**Materials provided:**

= = = =

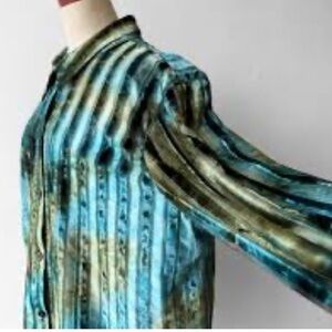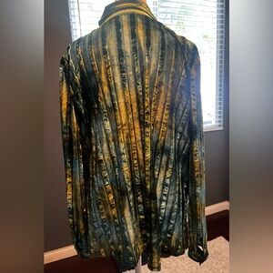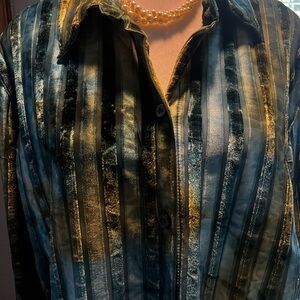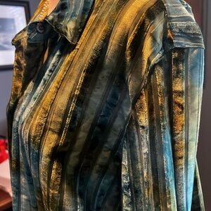 Stylish blouse with vertical stripes. Features a blend of blue, green, and yellow hues. In velour stripes for a rick m roll vibe. Button-up front with long sleeves. Oversized look can be work with any accessory.
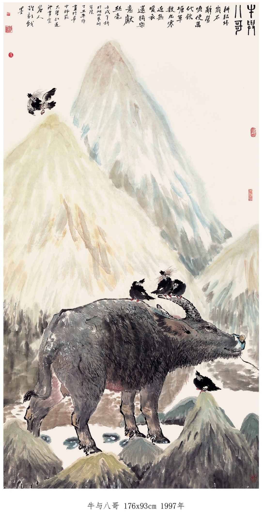 1997年9月,构思15年后创作国画《牛与八哥》。
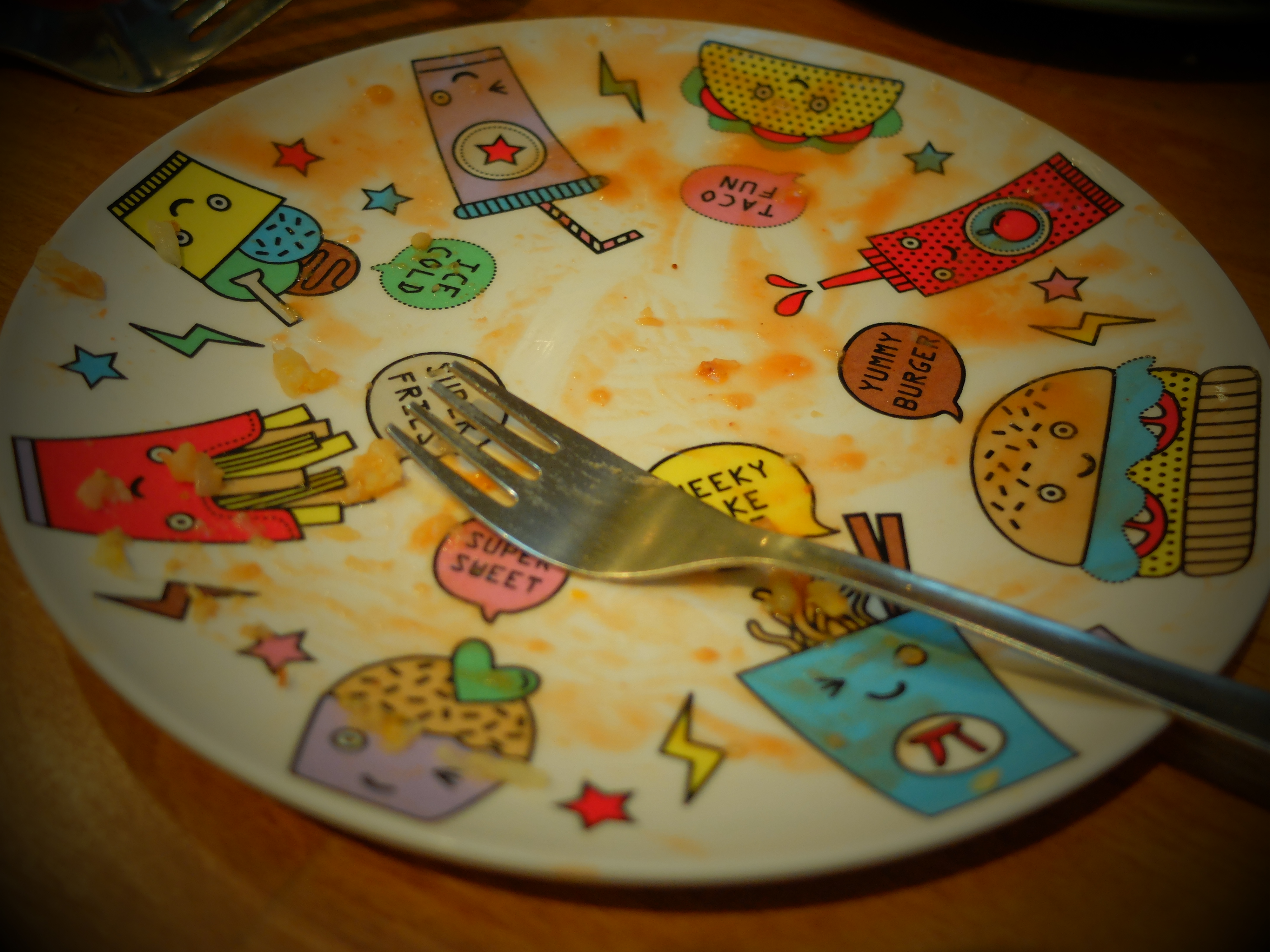 So, did they pass muster? Well, the eldest was offended by the egginess but otherwise liked them. But the biggest success was with the youngest, who can usually spot and refuse a vegetable at fifty paces. Here is the result (served with baked beans rather than salad; I wasn’t going to push my luck):
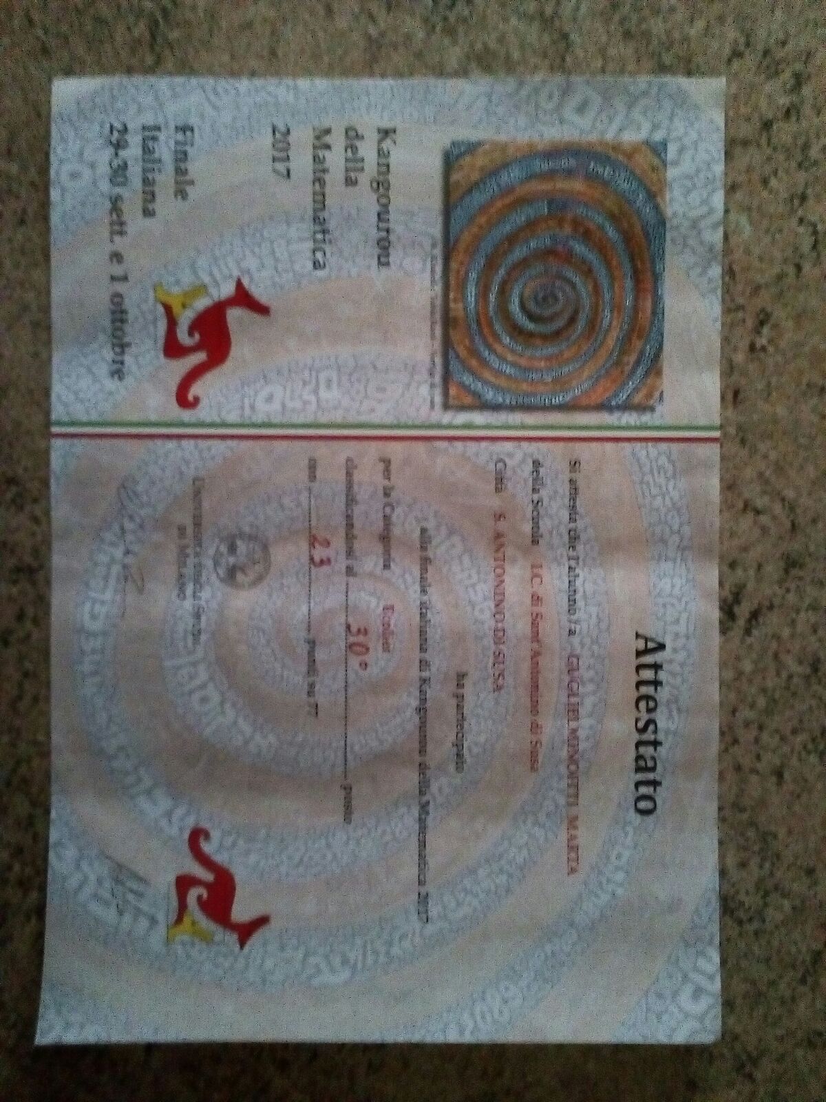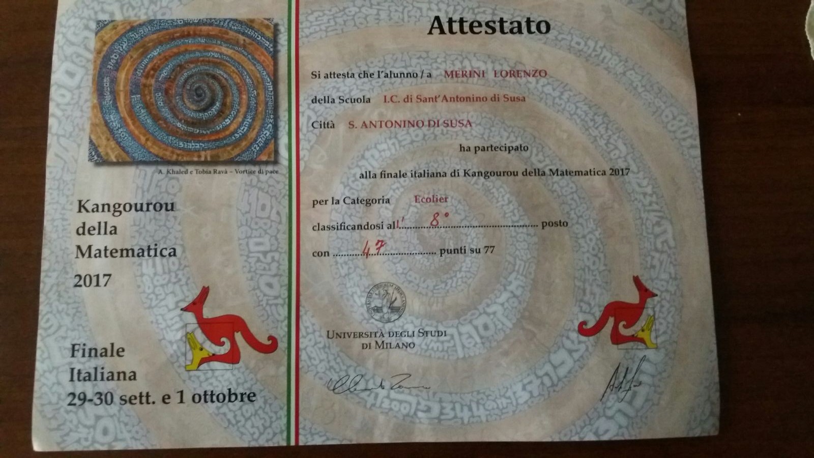 Anche quest’anno ben due allievi del nostro Istituto si sono qualificati, per la categoria Ecolier, alla finale nazionale delle gare Kangourou della Matematica che si è svolta a Cervia dal 29 settembre al 1° ottobre 2017: si tratta di Marta Guglielminotti e Lorenzo Merini, oggi frequentanti rispettivamente la 1B e la 1A della secondaria di Sant’Antonino. Per arrivare a Cervia, hanno dovuto superare due importanti fasi di selezione lo scorso anno: la fase individuale il 16 marzo , dove si sono confrontati con 13.924 studenti di tutta Italia arrivando ben al primo (Lorenzo) e al secondo posto (Marta)! Successivamente hanno affrontato la semifinale il 27 maggio a Torino classificandosi ancora ottimamente (quinta Marta e sesto Lorenzo su 1257 concorrenti) e guadagnandosi il viaggio per la finale, che, oltre la sfida della competizione, prevedeva, quale meritatissimo premio per le fatiche della gara, l’accesso al parco divertimenti di Mirabilandia.
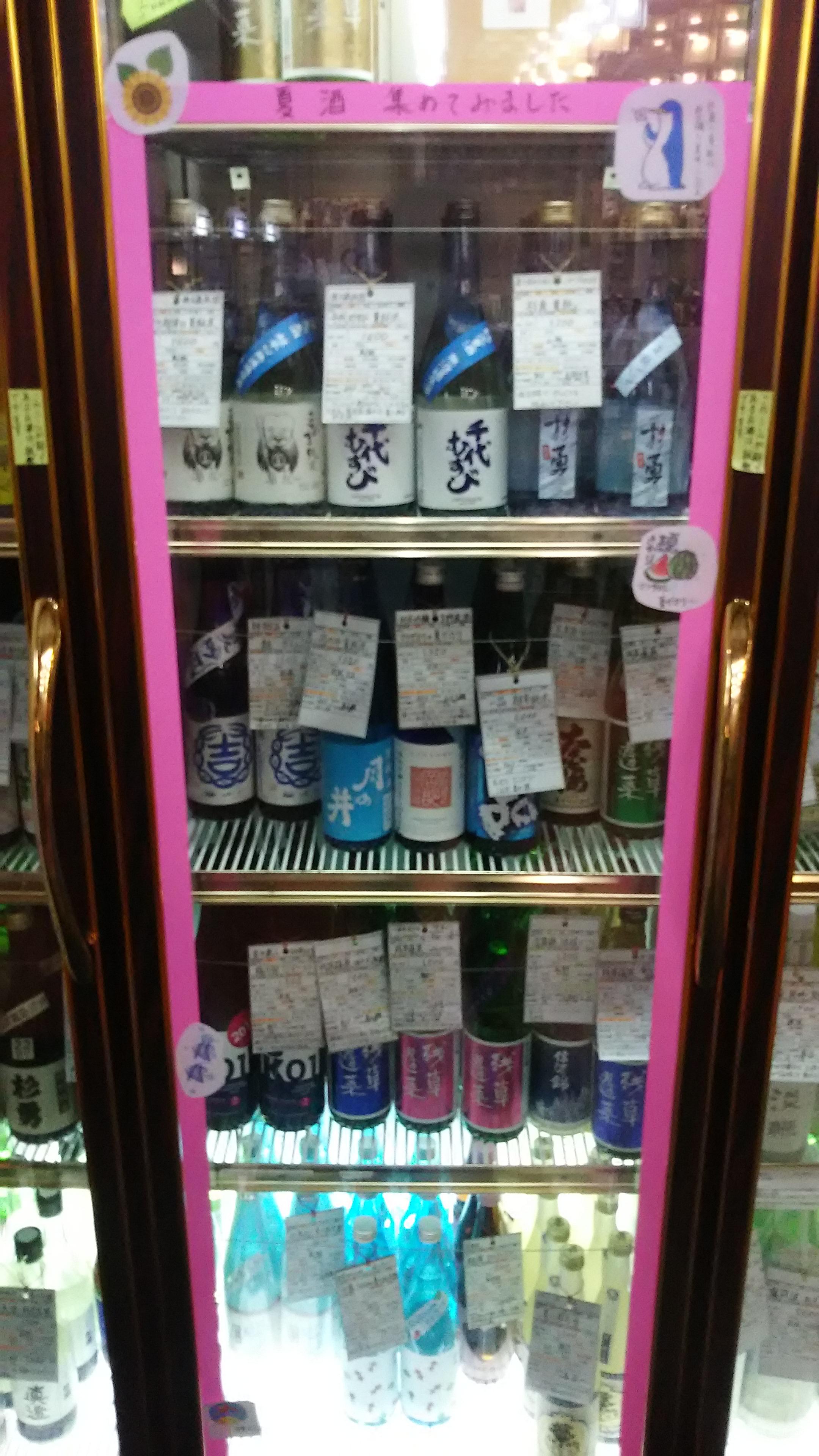 せっかく出来た『夏酒コーナー』でも、気づいてもらえなかったら、作った意味がありませんので、控えめですが、飾りつけをしてみました!『お!冷蔵庫の中が変わったね!』と、言って下さる方が、果たして何人いるのでしょうか・・・。ちょっと不安です(笑)
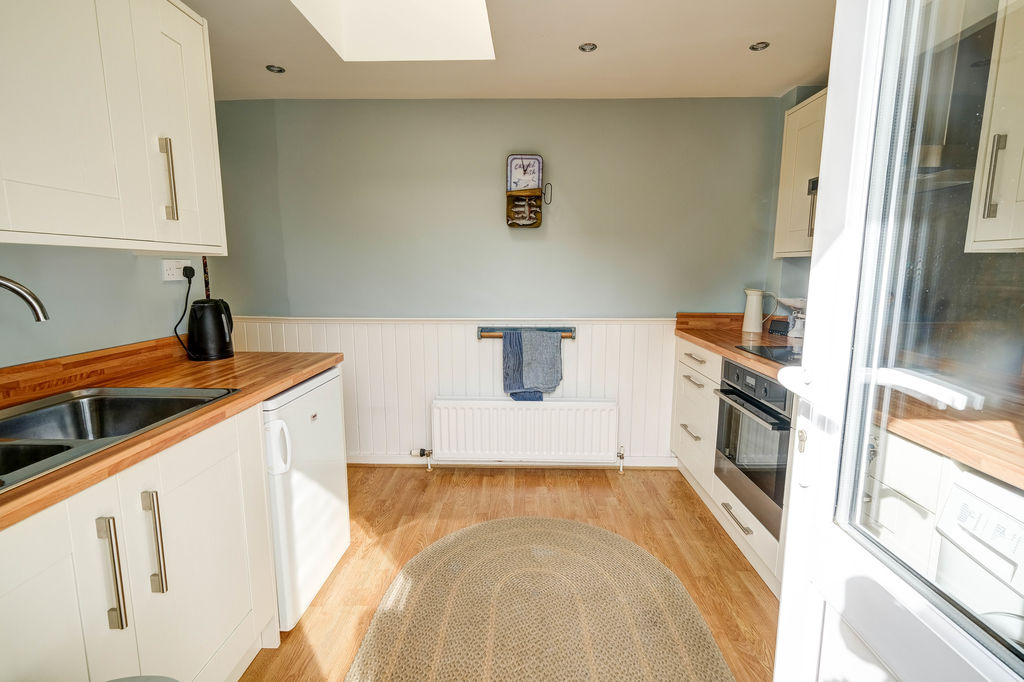The kitchen is well equipped with wall and base units, work surfaces and a sink unit along with a built-in electric hob, oven and extractor and space for a washer and fridge. This light and airy room is enhanced with a Velux rooflight and glazed rear door to the courtyard. There is a shower room located to the ground floor with walk in shower, vanity wash hand basin and low level w.c.
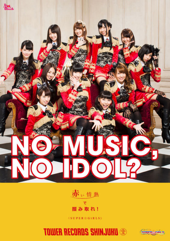10月9日、アイドルの聖地 タワーレコード新宿店のアイドル応援企画「NO MUSIC, NO IDOL?」のコラボポスター第21弾に、10月24日に6枚目のシングル「赤い情熱」をリリースする人気アイドルグループ SUPER☆GiRLSが起用されることがわかった。
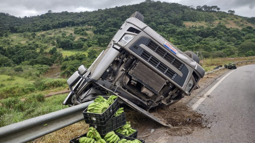 De acordo com as informações, o condutor Wagner Ferreira Vasconcelos, de 49 anos, contou aos Militares que saiu da cidade de Governador Valadares com destino ao Ceasa em Belo Horizonte, quando no km 468 da rodovia MGC-120 próximo a entrada para Capoeirana em Nova Era, sofreu mal súbito ficando desacordado na direção da carreta baú Volvo FH 440 de cor prata, placa HHF-0H69 de Betim, saiu para a lateral direita da pista subindo no guard-rail e tombou às margens da rodovia, derramando parte da carga.
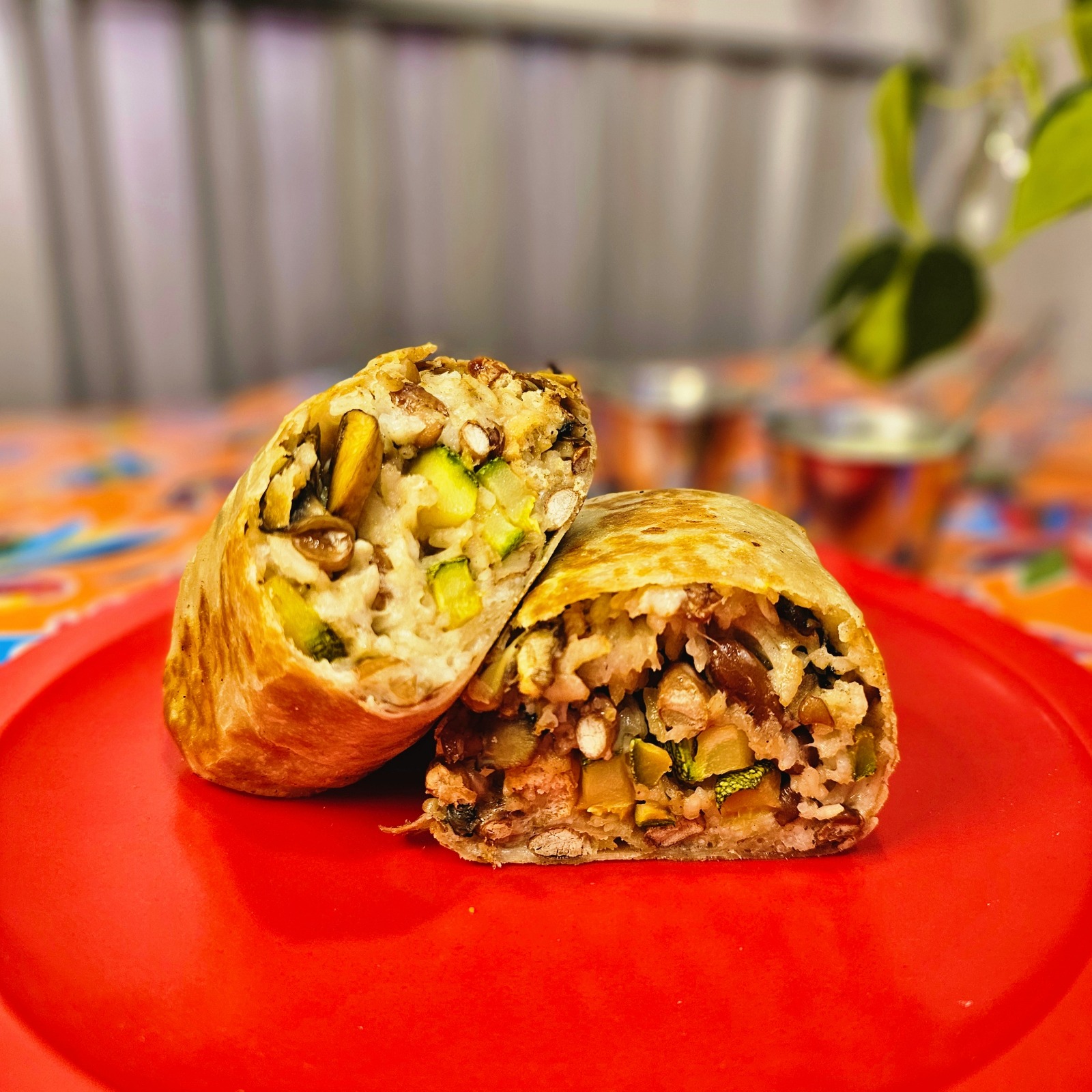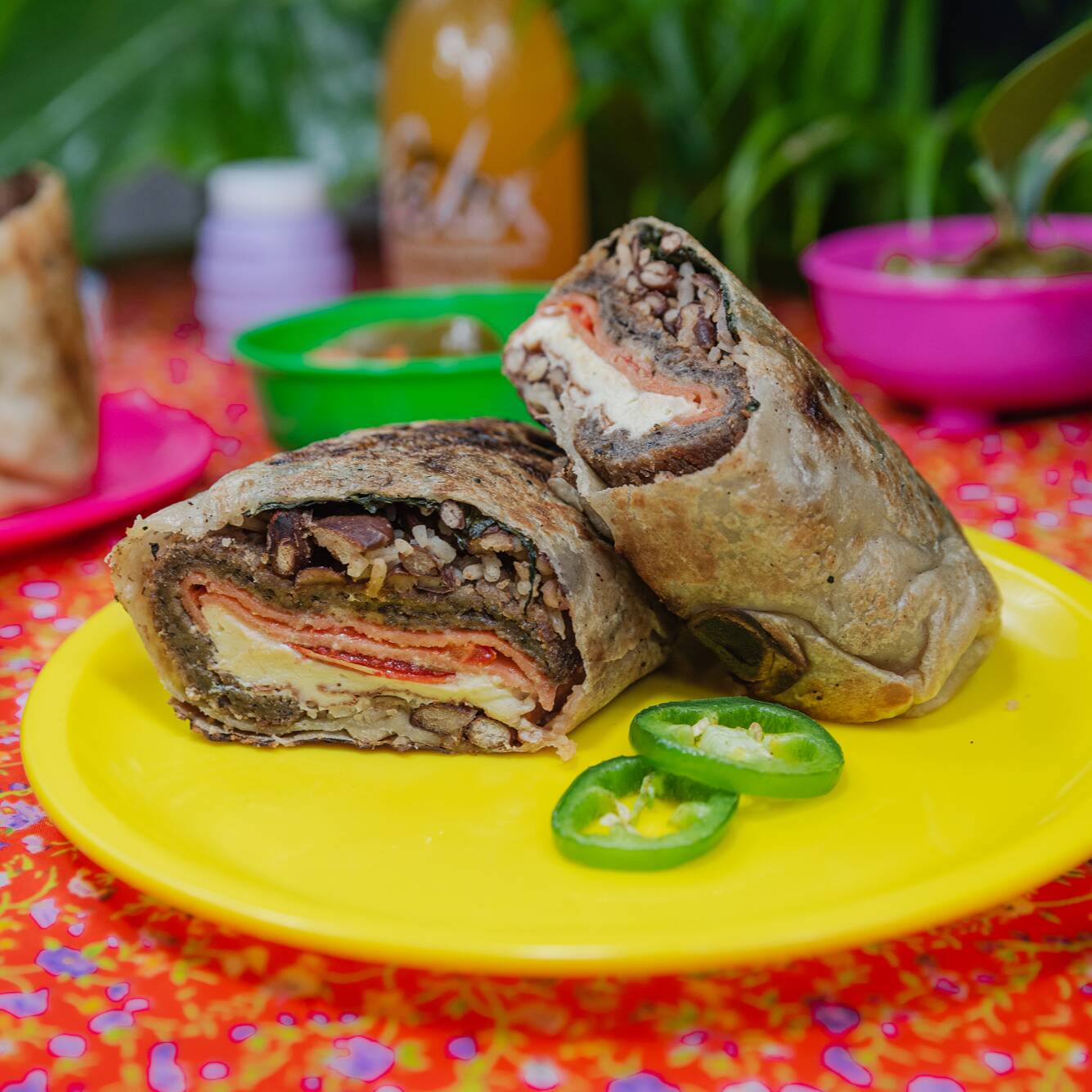 Tortilla de harina grande con calabaza, berenjena, champiñones, pimientos, queso, chimichurri, frijoles negros, arroz y col.

= = = =

**Work request:** The answer is the lines above from the one with "Anche quest’anno ben" to the one with "せっかく出来た『夏酒コーナー", set down exactly, with no pictures.

**Written answer:**
 Anche quest’anno ben due allievi del nostro Istituto si sono qualificati, per la categoria Ecolier, alla finale nazionale delle gare Kangourou della Matematica che si è svolta a Cervia dal 29 settembre al 1° ottobre 2017: si tratta di Marta Guglielminotti e Lorenzo Merini, oggi frequentanti rispettivamente la 1B e la 1A della secondaria di Sant’Antonino. Per arrivare a Cervia, hanno dovuto superare due importanti fasi di selezione lo scorso anno: la fase individuale il 16 marzo , dove si sono confrontati con 13.924 studenti di tutta Italia arrivando ben al primo (Lorenzo) e al secondo posto (Marta)! Successivamente hanno affrontato la semifinale il 27 maggio a Torino classificandosi ancora ottimamente (quinta Marta e sesto Lorenzo su 1257 concorrenti) e guadagnandosi il viaggio per la finale, che, oltre la sfida della competizione, prevedeva, quale meritatissimo premio per le fatiche della gara, l’accesso al parco divertimenti di Mirabilandia.
 せっかく出来た『夏酒コーナー』でも、気づいてもらえなかったら、作った意味がありませんので、控えめですが、飾りつけをしてみました!『お!冷蔵庫の中が変わったね!』と、言って下さる方が、果たして何人いるのでしょうか・・・。ちょっと不安です(笑)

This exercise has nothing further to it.